You can invest time into learning new skills that – if chosen carefully – will improve you as a person. You can also waste time on pointless pursuits that will not give you anything in return.

However, there is one key difference: Unlike money, you can’t generate more time. So where are we spending ours, and how can we make the most of it?

It often feels like we’re not using time very efficiently. For example, the average Australian adult spends 13 hours every week watching TV, according to figures collated by the Australian Bureau of Statistics. This means that we spend one month out of every year in front of the tele.

Social Media is another terrible time suck. In fact, marketing firm Sensis found that the average user checks Facebook 31 times per week, up from just 16 visits across the same timeframe in 2011. In total, we waste around 8.5 hours per week trying to keep up with the Digital Joneses on Facebook.

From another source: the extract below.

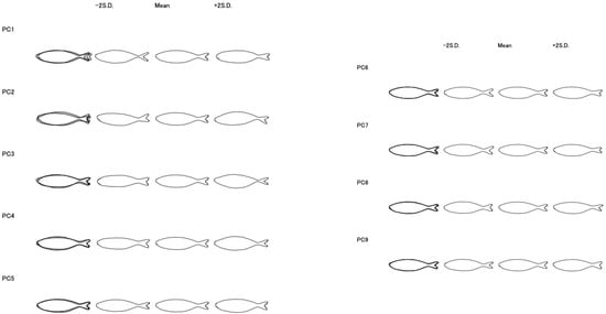 Morphological changes in body shape to changes in principle component score. Note: −2 SD: number of imaginary fish for which the principle component score is at the value of mean − 2 standard deviations; mean: number of imaginary fish for which the principle component score is at mean; +2 SD: number of the imaginary fish for which the principal component score is at the value of mean + 2 standard deviations.

Ultimately, these statistics prove that time is at a premium. While we’re huge proponents of being responsible with money, we’re even bigger supporters of saving time. After all, even the most impressive personal bank account in the world is largely pointless if you don’t have the spare time to use it.

So, what can you do to put more hours back into your day?

Make use of technology: There are countless apps on the market that can help you track how you spend your day and help you form positive and productive habits based off of the results.

Set a structured schedule: With so many things vying for our attention throughout the day, it’s important to consciously set aside structured periods to fulfil certain goals.

Learn to say no: Whether it’s social media feeds or overly inquisitive work colleagues, the modern world is rife with distractions that act as barriers between you and unlocking greater productivity.